• [Data to use]
'''
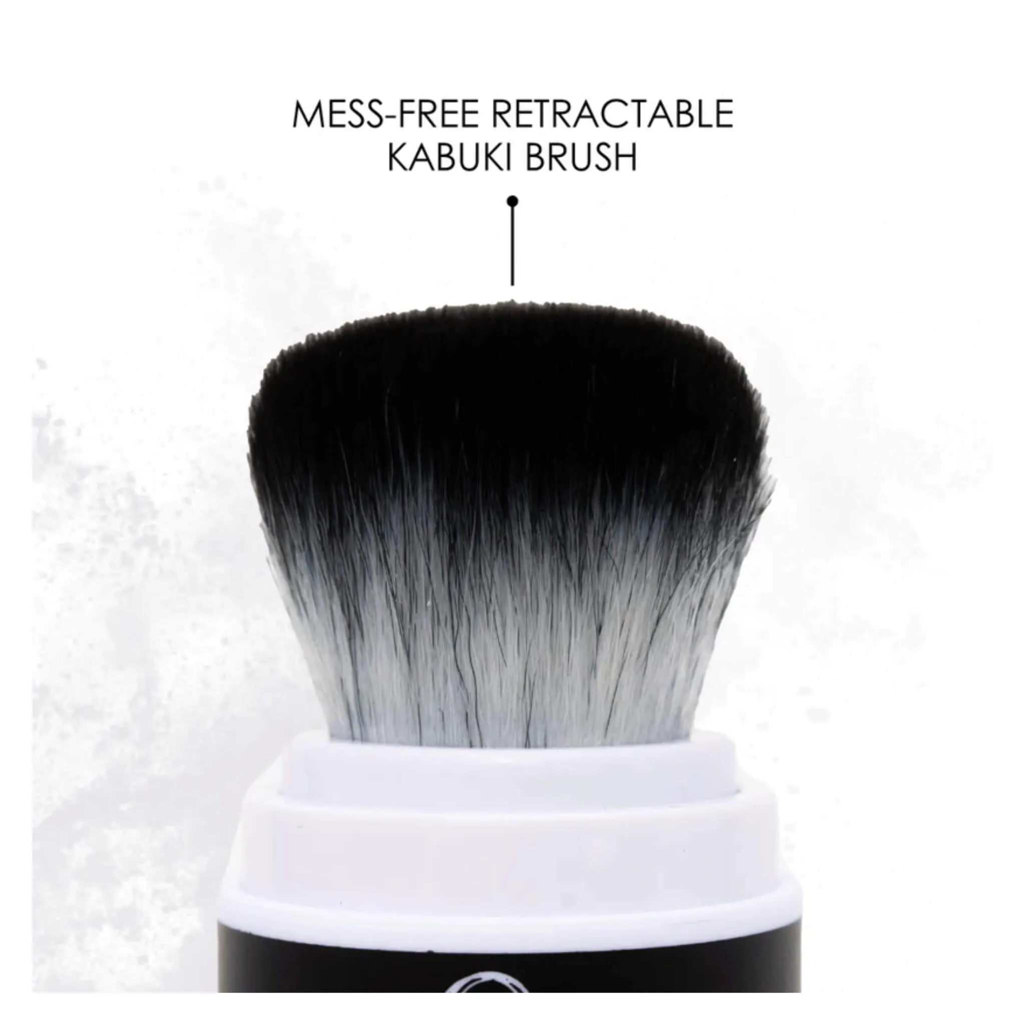 Absorbs excess underarm, breast and groin sweat in a portable brush applicator
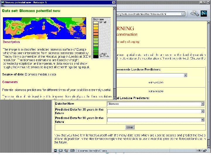 Building a web interface • WP 3. 3 main aim is to develop a Web interface to the existing stand-alone prototype modelling system – allow the viewing of available input data and existing model results – allow users to alter climate change scenarios and input data and view the effects on land use change and land degradation
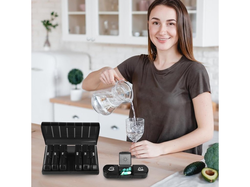 Ne glede na to, ali vam jemljete redna zdravila ali vitamine, vam bo neverjetni organizator za zdravila 7/3 pomagal pri njihovem rednem jemanju. Primeren je za vse starosti – starejše, odrasle in študente, ki jim je mar za njihovo zdravje.
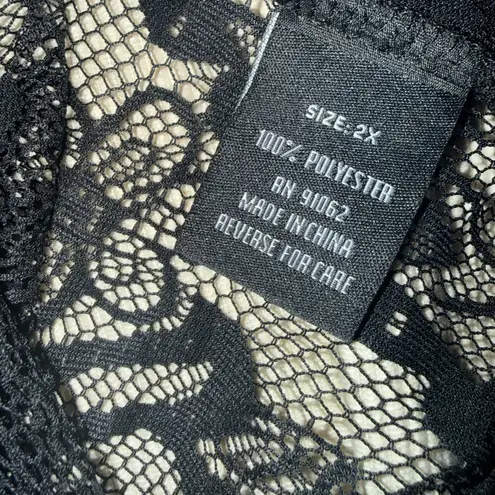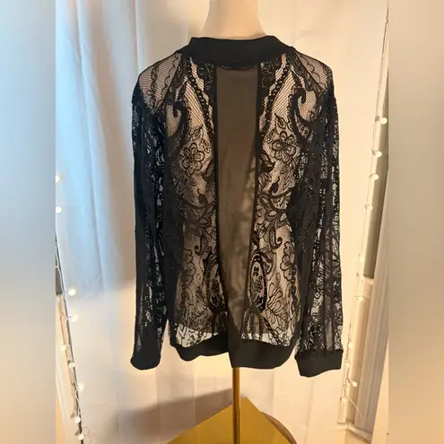 Elegant black lace bomber jacket by Standards & Practices. Features an allover floral lace design with a zip-front closure, ribbed collar, cuffs, and hem for a modern bomber silhouette. Lightweight and semi-sheer — perfect for layering over tanks, dresses, or camis. ✨ Details • Brand: Standards & Practices • Size: 2X • Color: Black • Style: Lace bomber / zip-front jacket • Fabric: 100% polyester • Ribbed neckline, cuffs & hem • Unlined / sheer lace • Full front zipper 📏 Approx. Measurements (laid flat) • Pit to pit: ~25–26” • Length: ~24–25” (Measured flat; lace has minimal stretch. Please compare to your favorite jacket.) 🧼 Care Reverse for care. Machine wash cold recommended. 📌 Condition Very good pre-owned condition. No holes or stains noted. Zipper functions properly. AB4
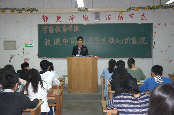 会上,副主席范江涵着中强调了两点,第一是什么是社会主义核心价值观,第二是如何做好班长和团支书。他在在会上具体地为同学们阐释了什么是社会主义核心价值观,它指的是富强、民主、文明、和谐、自由、平等、公正、法制、爱国、敬业、诚信、友善。他也引用习近平总书记在北京大学演讲时提出的四个词语勤学、修德、明辨、笃实,告诉同学们如何树立正确的社会主义核心价值观。范江涵副主席用自己的亲身经历告诉班长、团支书如何去管理好班级,如何做一个好班委。身为班委肯定会比别人吃更多的苦,但是在其位谋其职,要有不怕吃苦的毅力与恒心,要有灵活应对班内突发事件的能力。他的讲话结束后,学生会各部门依次就上周各班常规工作的情况做了一下总结,提出各班所存在的问题,督促各班班委及时改正。
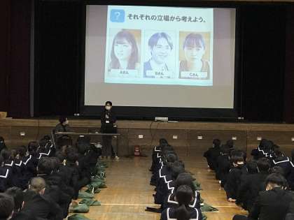 NTTドコモの方に来ていただいて、2年生「スマホ・ケータイ安全教室」を行いました。
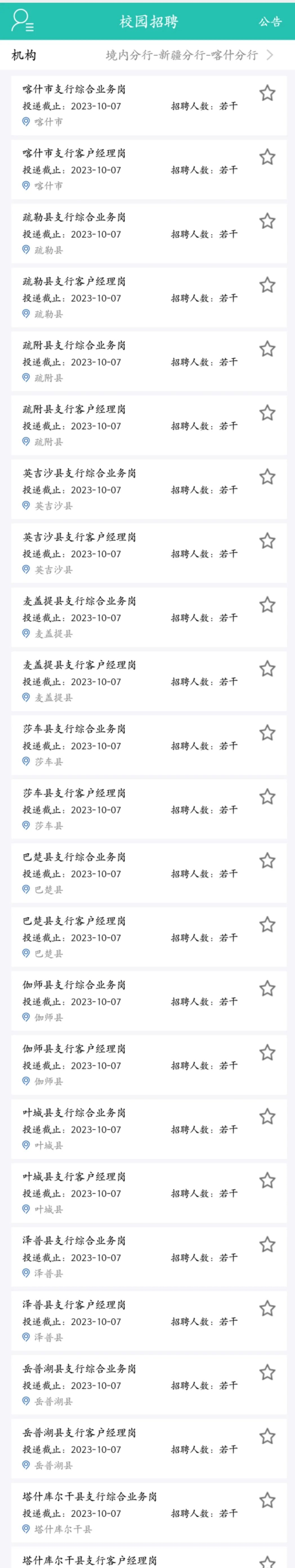 (含莎车岗位)
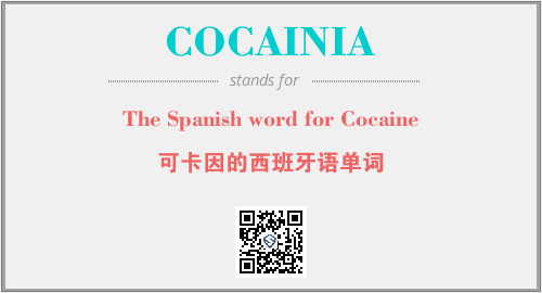 英文缩略词“COCAINIA”经常作为“The Spanish word for Cocaine”的英文缩写来使用,中文表示:“可卡因的西班牙语单词”。本文将详细介绍英文缩写词COCAINIA所代表英文单词,其对应的中文拼音、详细解释以及在英语中的流行度。此外,还有关于缩略词COCAINIA的分类、应用领域及相关应用示例等。
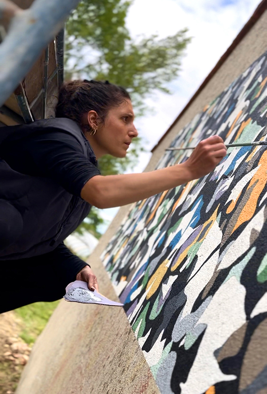 Sa fresque célèbre la biodiversité et l’identité de la Communauté urbaine de Dunkerque et met en lumière la richesse de sa faune et de sa flore. Inspirée de l’Atlas de la Biodiversité Communale, et tout particulièrement la fougère scolopendre, symbole de résilience et d’adaptation. On peut y distinguer les silhouettes de certaines espèces de la région comme l’aigrette garzette. La fresque invite à contempler la beauté et la richesse d’un écosystème en perpétuelle évolution
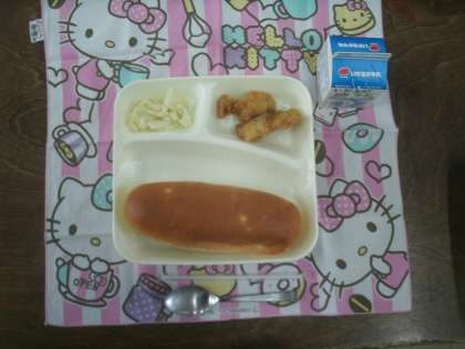 (今日の献立) 白身魚のフリッター 洋風煮 カリフラワーのサラダ おさつパン 牛乳
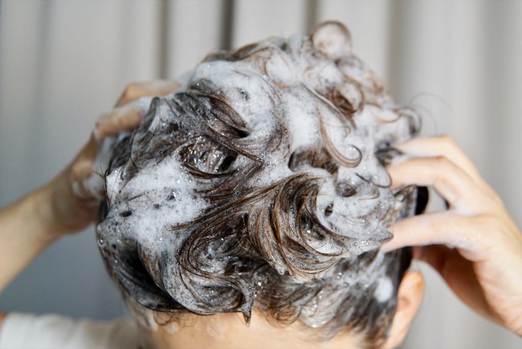 4. 第一次洗淨,洗去頭髮上的髒污,同時輕輕按摩頭皮後沖掉
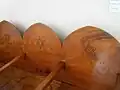 “The monumentality of the bimah (sort of pulpit) is impressive, undoubtedly the most elaborate of those existing in Mexico, placed in the center in the Ashkenazi fashion. It is made of richly carved wood with cut glasses describing musical instruments: drum, harp, zither and lute, as well as recurring Jewish symbols: the talit (religious shawl), palm leaf, citron and the Star of David among sacred prayers.“
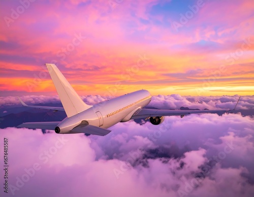 Airplane flying above clouds at sunset
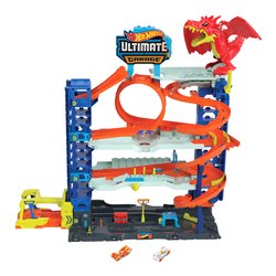 Sfreccia, esibisciti in acrobazie pazzesche e affronta un drago nel Mega Garage Hot Wheels™ City multilivello. Il primo livello presenta fantastici dettagli, come pompe di benzina mobili, un autolavaggio con un rullo in schiuma, deviatori e connettori per collegare il playset ad altri set e creare una Hot Wheels™ City ancora più grande. (Set aggiuntivi in vendita separatamente). Porta l'ascensore a due posti al secondo livello e lancia le 2 macchinine Hot Wheels® 1:64 incluse in una sfida testa a testa. Al terzo livello, lanciati in un testa a testa nel giro della morte, regolando i deviatori per cambiare le destinazioni delle macchinine.Al quarto livello un drago divora auto attende i bambini che lanciano le Hot Wheels® per sconfiggerlo o essere divorati. Le auto divorate vengono espulse, mentre il drago sconfitto precipita in fondo al garage.
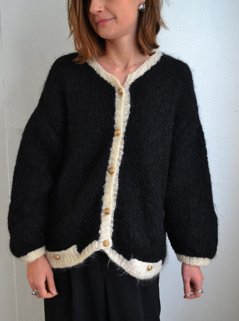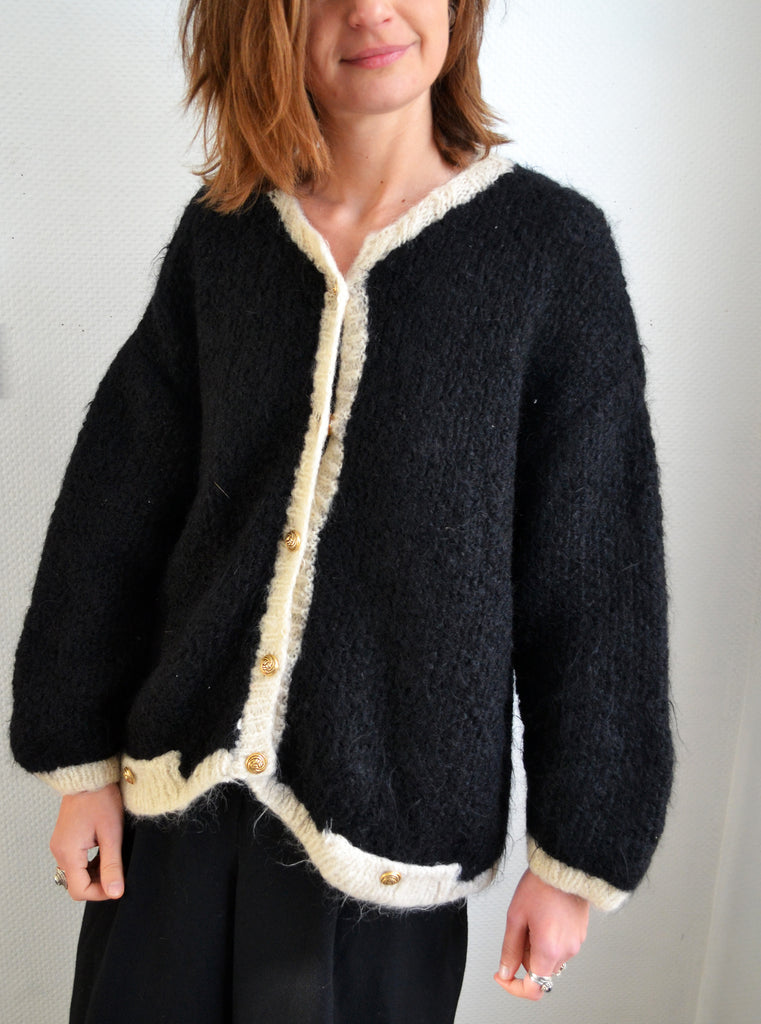Joli gilet en mailles épaisses fait main vintage noir et blanc avec des petits boutons dorés.
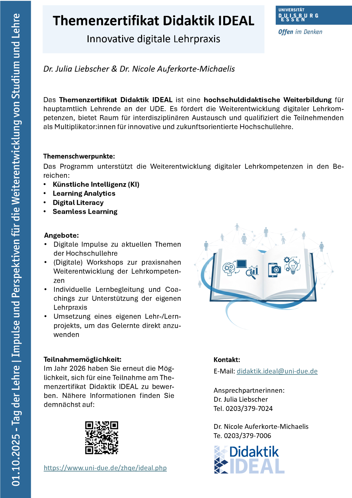 Das Themenzertifikat Didaktik IDEAL – Innovative digitale Lehrpraxis ist ein hochschuldidaktisches Weiterbildungsangebot der Universität Duisburg-Essen für hauptamtlich Lehrende. Es zielt darauf ab, die digitalen Lehrkompetenzen systematisch zu stärken und Lehrende als Multiplikator:innen für eine innovative und zukunftsorientierte Hochschullehre zu qualifizieren. Im Mittelpunkt stehen aktuelle Themenfelder wie Künstliche Intelligenz, Learning Analytics, Digital Literacy und Seamless Learning, die in praxisnahen Formaten aufgegriffen werden. Das Programm kombiniert digitale Impulse, Workshops sowie individuelle Lernbegleitung und Coachings, um die persönliche Lehrpraxis gezielt weiterzuentwickeln. Ein zentrales Element ist die Umsetzung eines eigenen Lehr-/Lernprojekts, durch das die Teilnehmenden ihr erworbenes Wissen direkt in die Praxis übertragen können. Durch den interdisziplinären Austausch und die nachhaltige Förderung von Innovationskompetenz trägt das Zertifikat zur Weiterentwicklung einer zukunftsfähigen digitalen Hochschullehre bei.
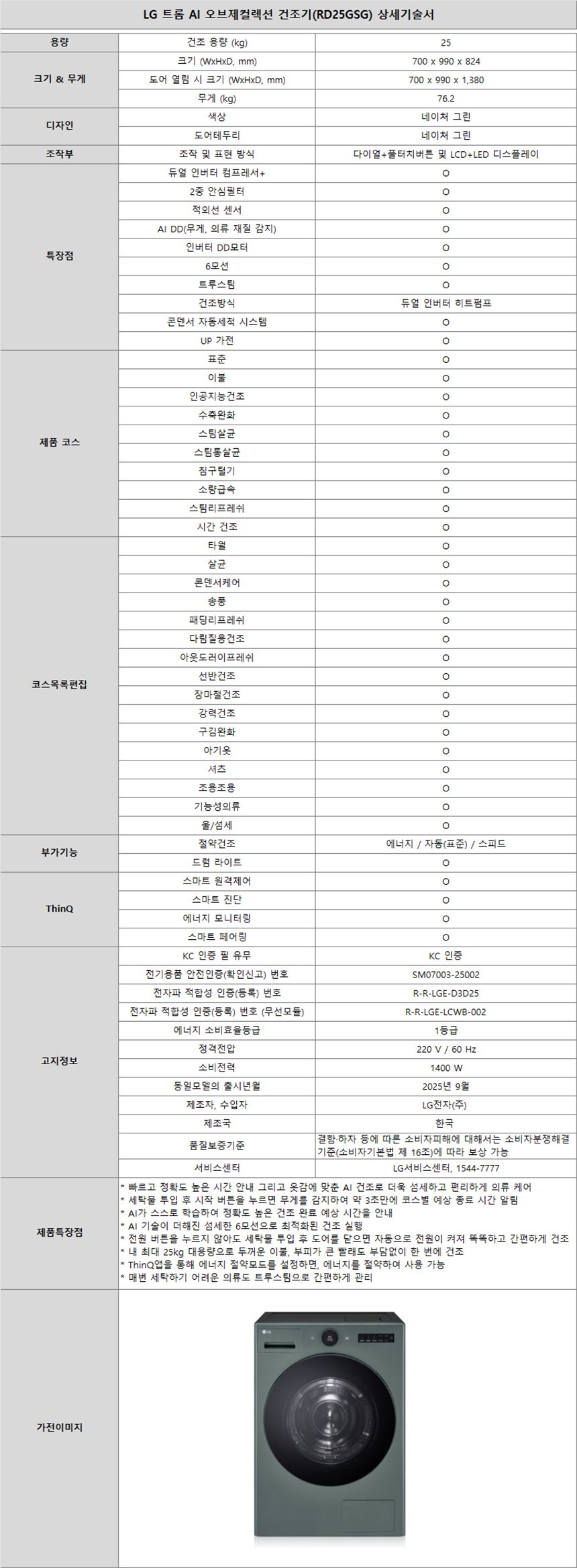 [LG] 트롬 AI 오브제컬렉션 건조기 25kg (네이처 그린)
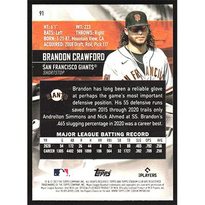 This is a 2021 Stadium Club Brandon Crawford baseball card. The card is #91 and pictures show condition.
'''
• [Exercise] From the first line of the listing above, repeat every line through the one holding "Ne glede na". Both ends count, and pictures stay out.

• [Answer for the task]
 Absorbs excess underarm, breast and groin sweat in a portable brush applicator
 Building a web interface • WP 3. 3 main aim is to develop a Web interface to the existing stand-alone prototype modelling system – allow the viewing of available input data and existing model results – allow users to alter climate change scenarios and input data and view the effects on land use change and land degradation
 Ne glede na to, ali vam jemljete redna zdravila ali vitamine, vam bo neverjetni organizator za zdravila 7/3 pomagal pri njihovem rednem jemanju. Primeren je za vse starosti – starejše, odrasle in študente, ki jim je mar za njihovo zdravje.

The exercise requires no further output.